But haven't I said that the Gentile church was raptured out at the beginning of the 70th week? Shouldn't I pick a side and stick to it? Let me say, each of the viewpoints (pre, mid and post) can cite solid scriptural references to back up their viewpoints. Unfortunately for each, the other views can shoot holes in their arguments. Why? They all right, they just don't realize it. The Bible teaches that the rapture has a pre-, mid-, and post-tribulational component! What!!! Yep, all three premillenial rapture theories are correct. I've already laid out the pretribulational rapture of the Gentile church, so let me lay out the rest for you.

We are introduced to 144,000 Jews who believed in Christ at the beginning of the 70th week in Revelation 7. They are sealed and protected from the wrathful events falling upon earth for three and a half years. Their time on earth during the 70th week runs concurrently with the two prophetic witnesses mentioned in Revelation 11. Those witnesses are killed at the midpoint of the tribulation and left unburied on the streets of Jerusalem for three and a half days. At that point, God calls for them from heaven, they rise from the dead and ascend into heaven. That, most certainly, is a rapture! The next time we see the 144,000 (in Revelation 14), their location can no longer be said to be clearly on earth. They're with the Lamb, singing a special song before the throne and the elders. How did they get there? They were raptured, as far as I can tell, with the two witnesses.

What about the last component? That's found in Revelation 20. There we discover that those (they will be Jews) who were executed in the last three and a half years of the 70th week, rather than buy into THE lie and take the mark of the beast, will be raised from the dead and join the ranks of those ruling and reigning with Christ. That is a rapture! And there we have it, the completion of the first resurrection, which is in actuality, the three components of the rapture. Perhaps at this juncture, the lesson I should take from this last group of saints is that it may well turn out just fine, in the end, if I'm out of my head.

Monday, May 5, 2008

The Secret's Out

The notion of a secret gathering of the Gentile church in the air with Christ, while the world descends into tribulation, is a difficult one for many. The idea is relatively new to the church, first proposed, as near I can tell, in 1812 and not popularized until about 1830 (by Irving and Darby). My own sense, in all matters spiritual, is that we can never trust what someone has said about the Word, regardless of how long ago they lived and wrote. The issue is whether or not the prophecies of the Bible actually bear out this teaching, not whether or not Calvin or Augustine nor even Irenaeus taught it.

So, does the Bible bear out this teaching? My answer, for what it's worth, is yes. Let me give you an annotated list of scriptural citations which support the thought:

1) Revelation 7: note that the 144,000 are described in earthly terms, whereas the Gentile saints are described in heavenly ones;
Matthew 24:32-51: note that despite referencing the signs of the end, Jesus teaches the sudden, unexpected taking away of those that were ready;
Luke 21:36: note that the "escape out from all these things" is associated with standing before the Son of man;
2 Thessalonians 2:1-5: note that the Thessalonians had thought they missed it all, not only the gathering of the saints to Christ, but the coming of our Lord.
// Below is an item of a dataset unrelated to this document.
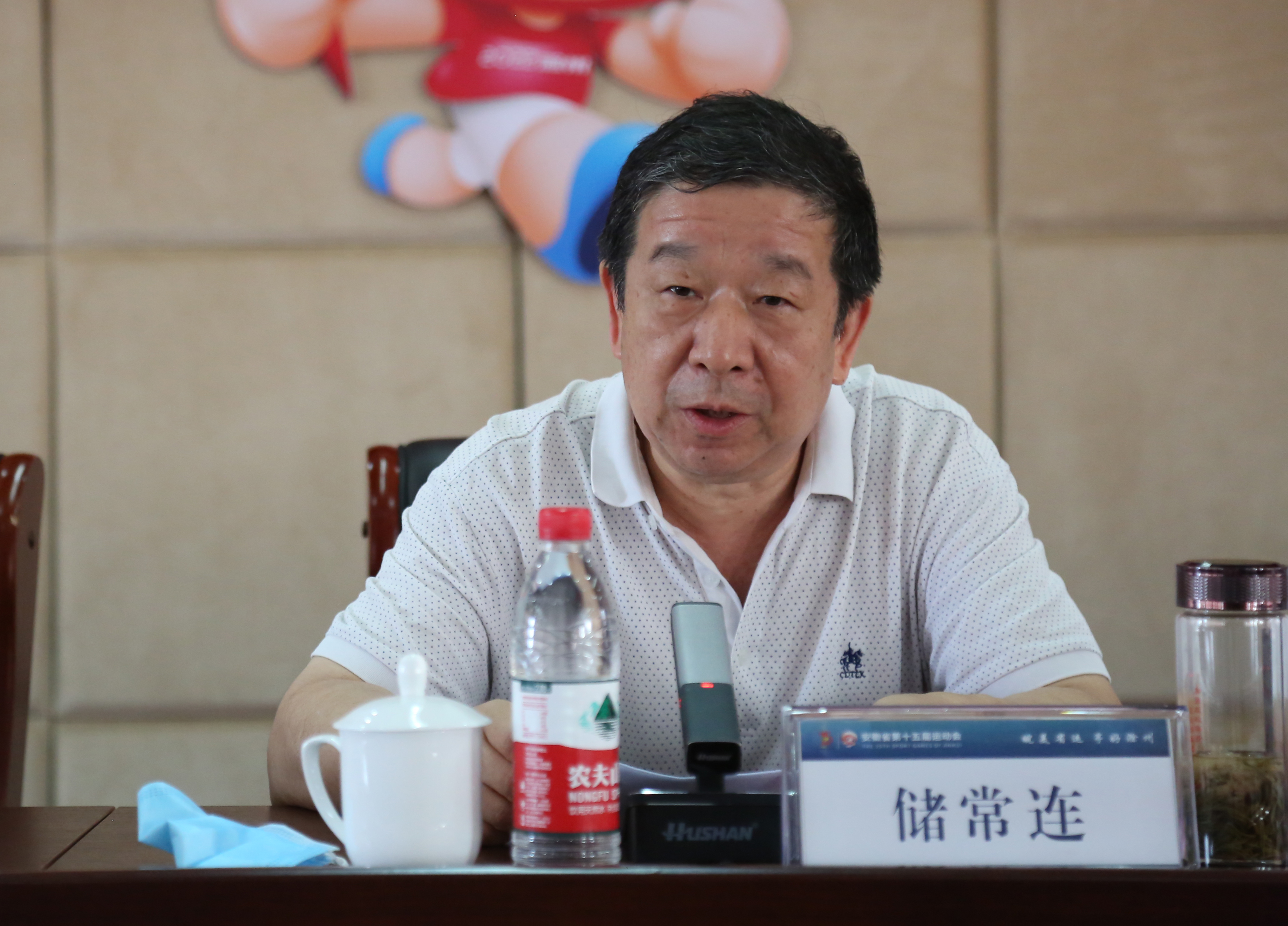 储常连指出,在这种极端高温天气举行比赛是对赛事组织能力与服务保障能力的极大考验,要抓紧抓实比赛的各个环节和各项工作。储常连对前期赛事工作进行了经验总结,分析了存在的突出问题和薄弱环节,并有针对性地提出赛事要求:要归零取得的成绩,明确工作要求,切实抓好高校部后续赛事工作,着力增强抓好高校部赛事工作的责任感、使命感;要以最高标准抓好赛事安全,安全工作责任重于泰山,确保赛事安全是举办运动会的底线;要以最实的作风确保公平公正,强化赛风赛纪,严格资格审查;要以最实的举措做好封闭管理,所有涉赛人员严格遵守赛会的各项管理规定。

The reference only makes sense if they were expecting a "secret rapture." Paul reassures them by reiterating that the coming will not be secret [even if the gathering is];
Revelation 3:7-13: note that there is a Jewish/Gentile divergence referenced and that the church in Philadelphia was promised to be kept out from the hour (a short period) of trial coming upon the whole earth;
Luke 17:26-36: Note that the rescue in the ark was followed by wrath on the earth, which makes perfect sense in light of 1 Thessalonians 5:9;
Revelation 12:1-6: this will actually take some words to develop, so please read on.
Perhaps no chapter of scripture is more helpful eschatologically than Revelation 12. Once one properly understands the symbols, the end-time scenario clarifies and the timing of end-time events settles into place. The imagery of the woman clearly hearkens back to Joseph's dream, the figure is obviously Jewish. That she was pregnant brings into focus two thoughts: 1) she would give birth to something like her, and 2) while in the womb that something was expected but hidden. If ones sees the woman as a corporate symbol (like the nation of Israel), rather than an individual (like Mary), then the infant must taken the same way.

The woman is the messianic Jewish community, the baby in her womb is the Gentile church. The church is in the womb because it was hidden from sight from the former prophets (between Daniel's 69th and 70th week), even though the Jews were prophesied to have an affect on all nations. Though hidden, it grows and develops until it has attained its full number (remember Romans 11:25), at which point, gestation is complete and the baby born. Immediately the child is translated to the heavenlies (remember the church is the body of Christ and that we will rule and reign with him), but the Jewish mother is left, protected on earth for three and a half years.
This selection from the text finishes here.